The right half of the report gives the BLAST score of the strongest hit from each species (and the title of the corresponding sequence entry) the number of hits, and the 'blast name' associated with each of the species.

Taxonomy Report

This report summarizes everything that our classification has to say about the relationships between all of the organisms found in the BLAST hitlist. The left side of the report gives an abbreviated subset of our classification - only those taxonomic groups that are required to distinguish each of the organisms from all of the rest. The number of blast hits and the number of species in the hitlist are accumulated up each branch of the tree. This allows you to do a BLAST search with a Drosophila protein (for example) and to see how many hits were found in the Mammalia, or the Archaea, or any taxonomic group that is not in the Drosophila lineage.

The right side of the report fills in the rest of the lineage (if any) that was not required in the abbreviated classification given on the left.

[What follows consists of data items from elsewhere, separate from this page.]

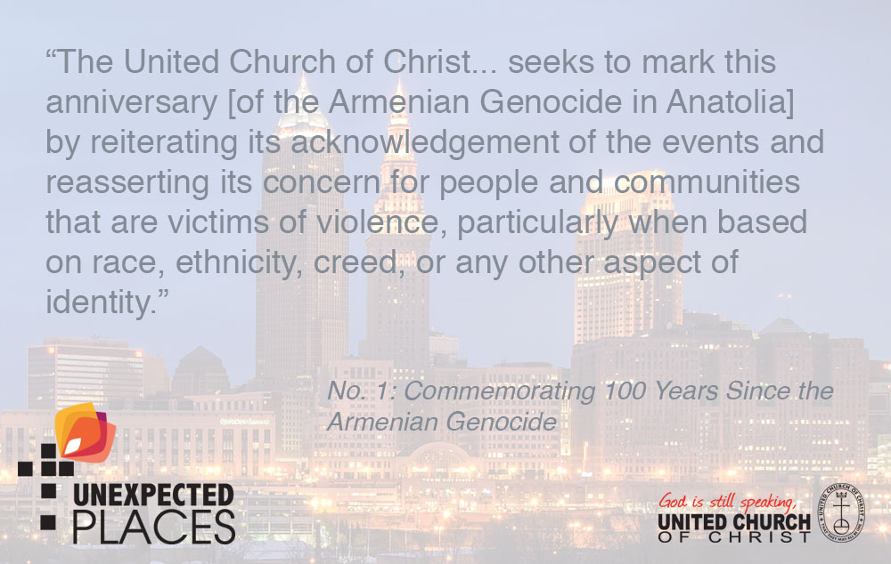 Armenian-Genocide.jpgThe United Church of Christ General Synod will have an opportunity to collectively and publicly lament the 100th anniversary of the Armenian Genocide with the consideration of a proposed resolution before the church’s governing body later this month. Just as important, this resolution will give the denomination a chance to condemn any violence based on race, ethnicity or religion—the type of violence happening in Syria, for example, where many Armenian refugees fled.
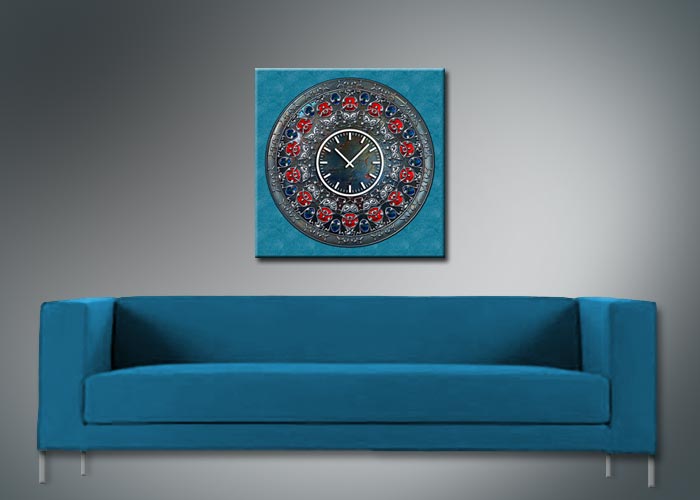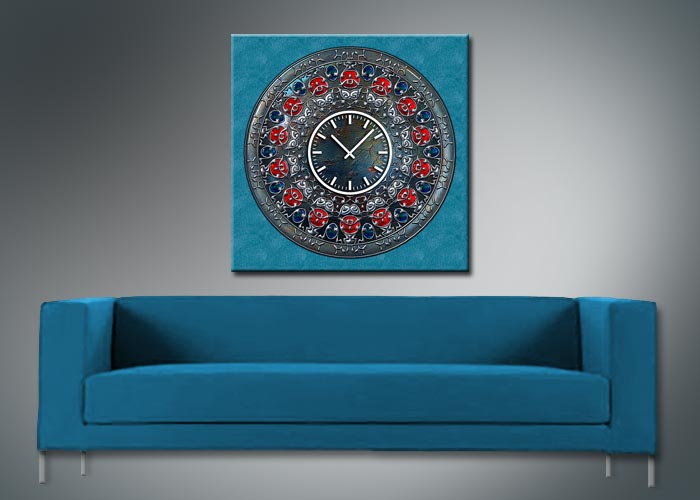 Das künstlerische Motiv wird auf eine hochwertige Aluminium-Dibond-Platte übertragen. Durch den hochauflösenden Digitaldruck besticht der Druck mit feinen Details und klaren Farben. Zudem werden die Oberflächen der Wanduhr mit einer seidenmatten, hauchdünnen, kratzfesten UV-Schutzfolie versehen. So ist die Uhr langfristig geschützt und es entstehen keine störenden Spiegelungen. Die ökologischen Latextinten sind zudem besonders geeignete Materialien für eine langlebige und gestochen scharfe Bildqualität.
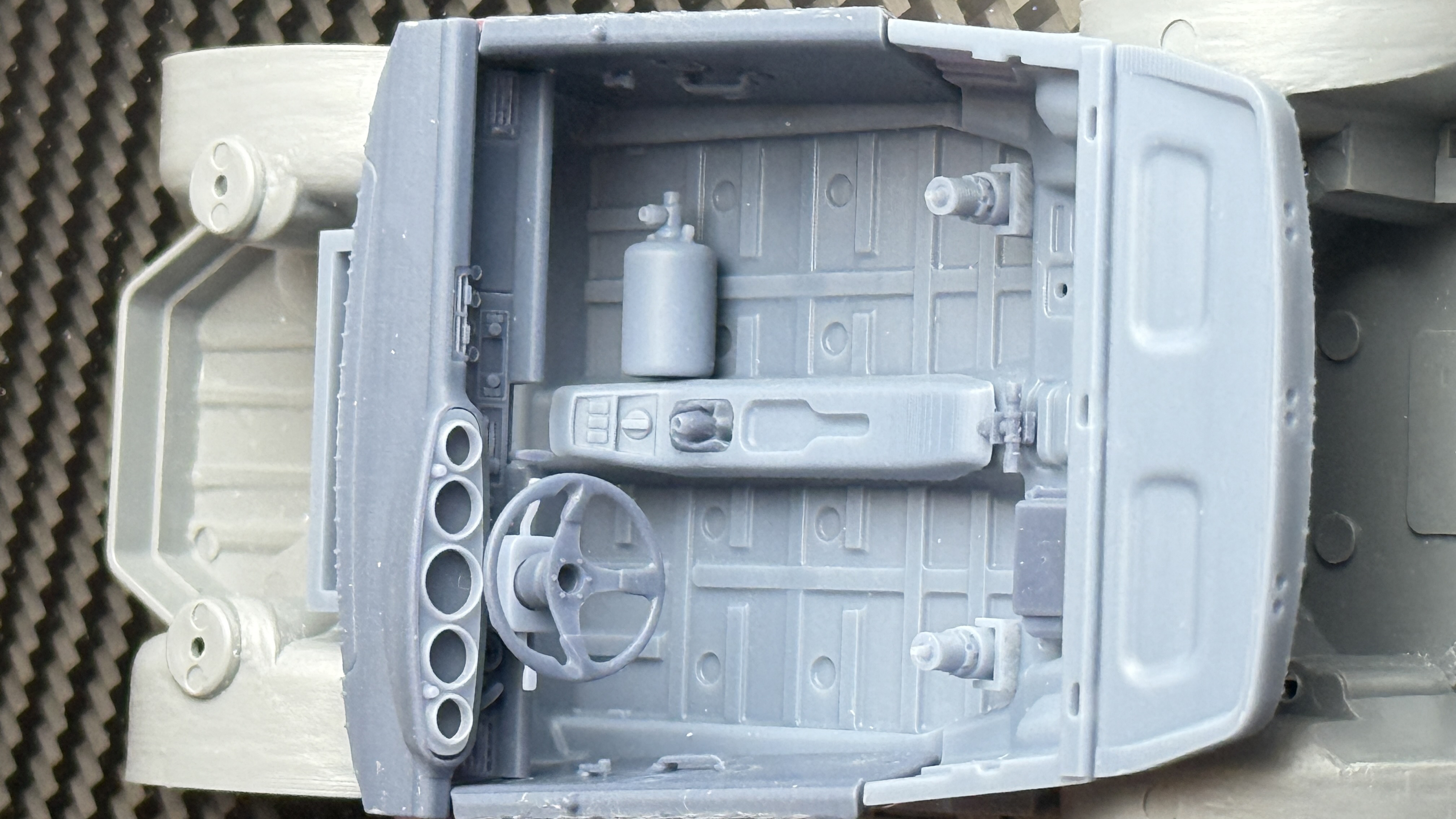 パテを盛り、削ったりしても埒があかないので、バスタブ全体を交換する事でリアシート、カーペットレスのスパルタンな内装を手軽に手に入れます。
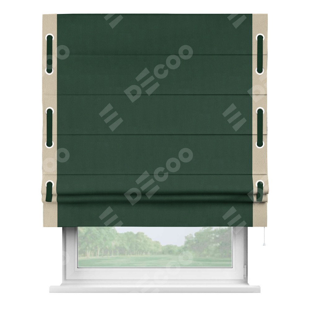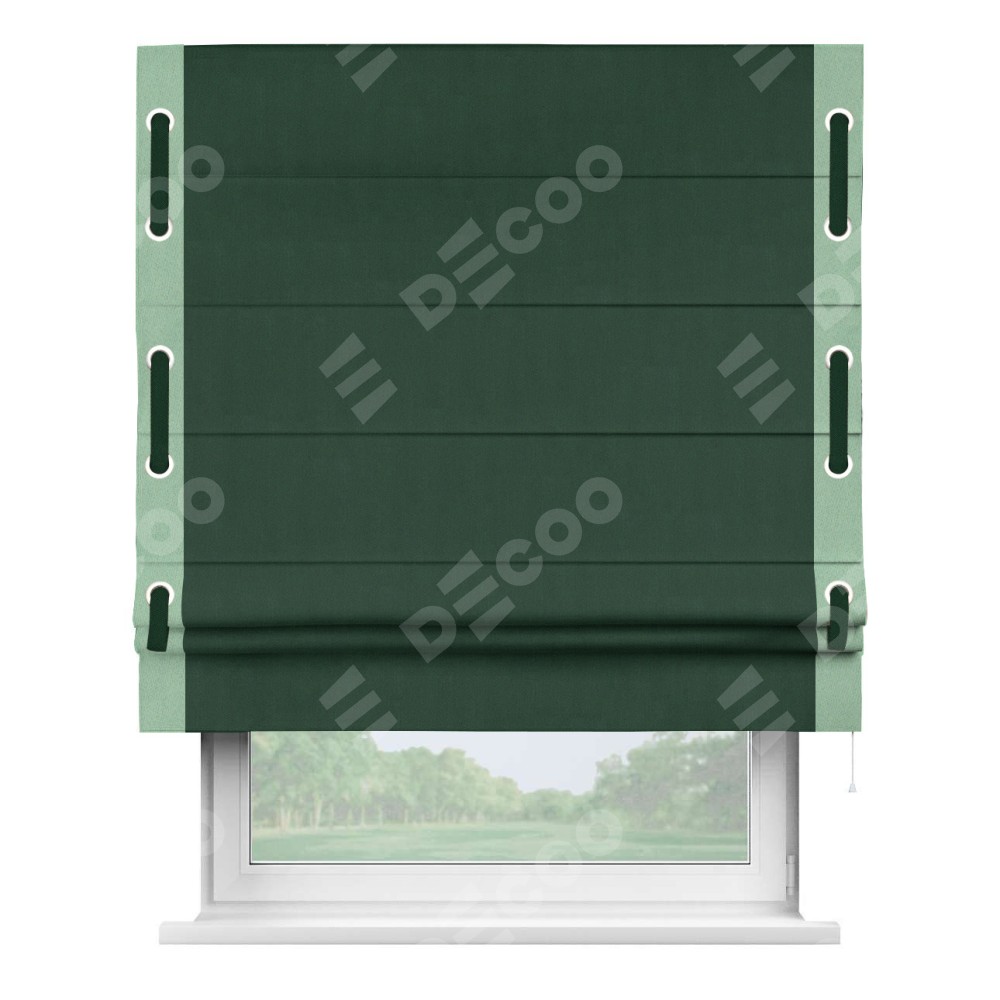 Римская штора «Кортин» для проема, блэкаут однотонный зелёный с кантом Стрим Дуо (люверсы с пояском)
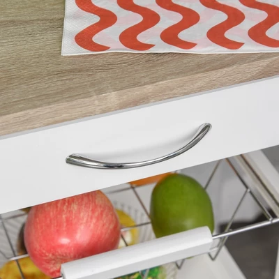 - MULTIPLE STORAGE OPTIONS: This kitchen island features a storage drawer for small kitchen accessories and utensils, a slide-out wire storage basket, 2 pull out trays, and a fixed shelf. Each storage tray can be used as an independent serving tray.
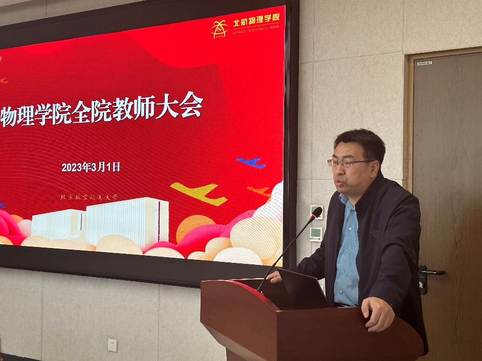 吕广宏院长传达了学校2023年度工作会暨第九届教职工代表大会第四次会议精神,全面解读了会议要点,对学院2023年重点工作做出部署。他指出,学院要更加突出内涵式发展,要把物理学科建设作为发展根基,完善学科体系,强化平台能力建设,统筹学科资源配置,强化自由探索和有组织科研的结合。要加强人才队伍建设,推动师资队伍高素质发展,鼓励青年人才挑梁担纲。要持续优化课程体系、课程团队和课程质量,进一步发挥学科负责人的作用。
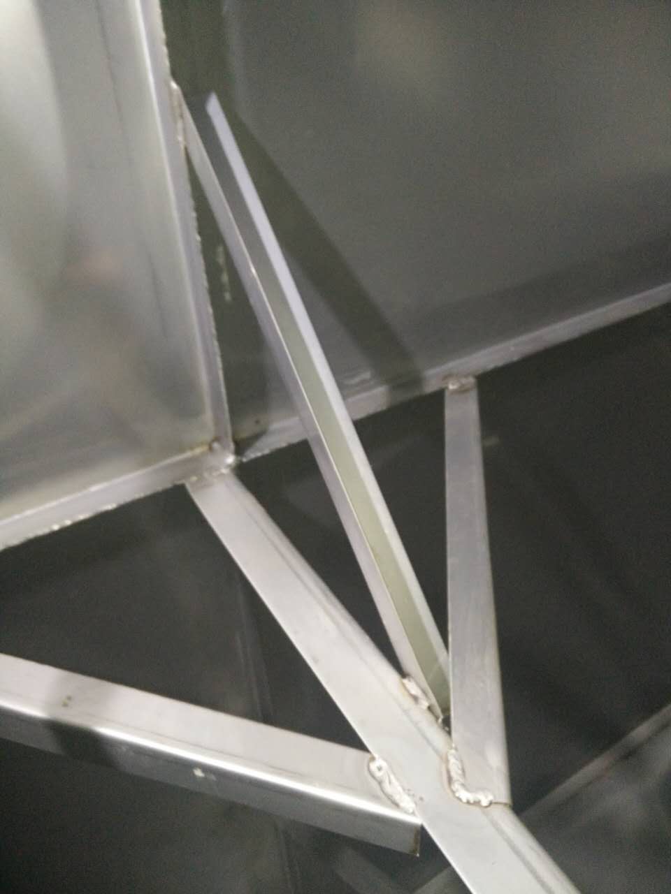 斜拉主要的作用在于分擔主拉筋的拉力,進一步對水箱板進行穩固,切成500mm的長度,連接在水箱與主拉之間。形成龍爪式,常規尺寸為4cm*1cm厚度一般以靠近頂部的側板厚度為基準,連接處必須進行滿焊處理。
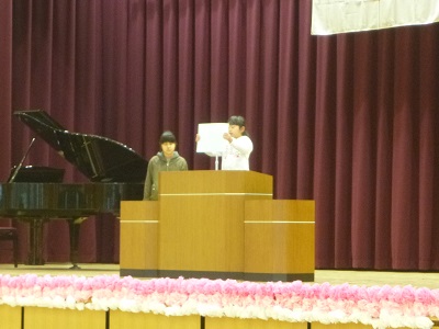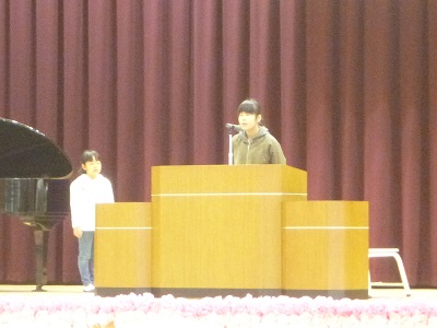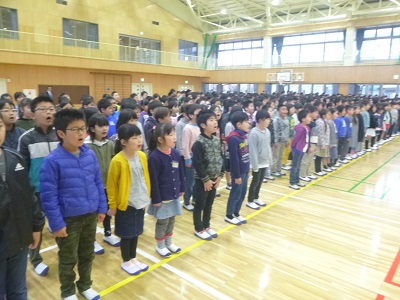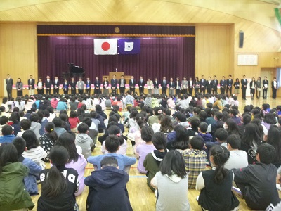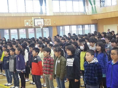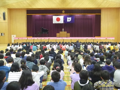 国歌斉唱の後、4年生と6年生の代表児童から、頑張りたいことの発表がありました。校長先生より、「心を結ぶ挨拶をしよう。」「目を見てしっかり話を聞こう。」というお話がありました。校歌斉唱の後、子供たちが楽しみにしている担任発表がありました。
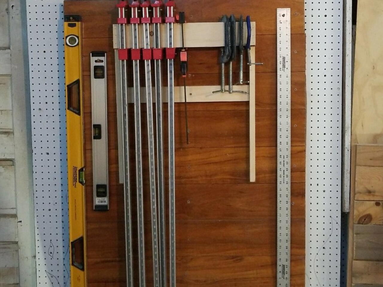 Figure the length you will need to fit all your clamps. Run two boards horizontally putting one on opposite sides of the vertical boards. Making a mounting plate to be secured to the wall
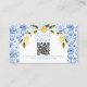 Blue tile lemon Mediterranean wedding rsvp QR Enclosure Card

This allows you to search using browser "Find" menu command for any of the taxonomic groups found in the lineage of any of the species in the blast hitlist set. This is often useful delete (for structural reasons) some very well-recognized taxa (e.g., Insecta and Mammalia) will not often appear in the abbreviated classifications found in these reports. 'Mammalia', for example will only appear in the abbreviated classification of these taxonomy reports if the BLAST hitlist includes sequences from one of the monotremes (platypus or echidna) as well as a sequence from one of the other mammals.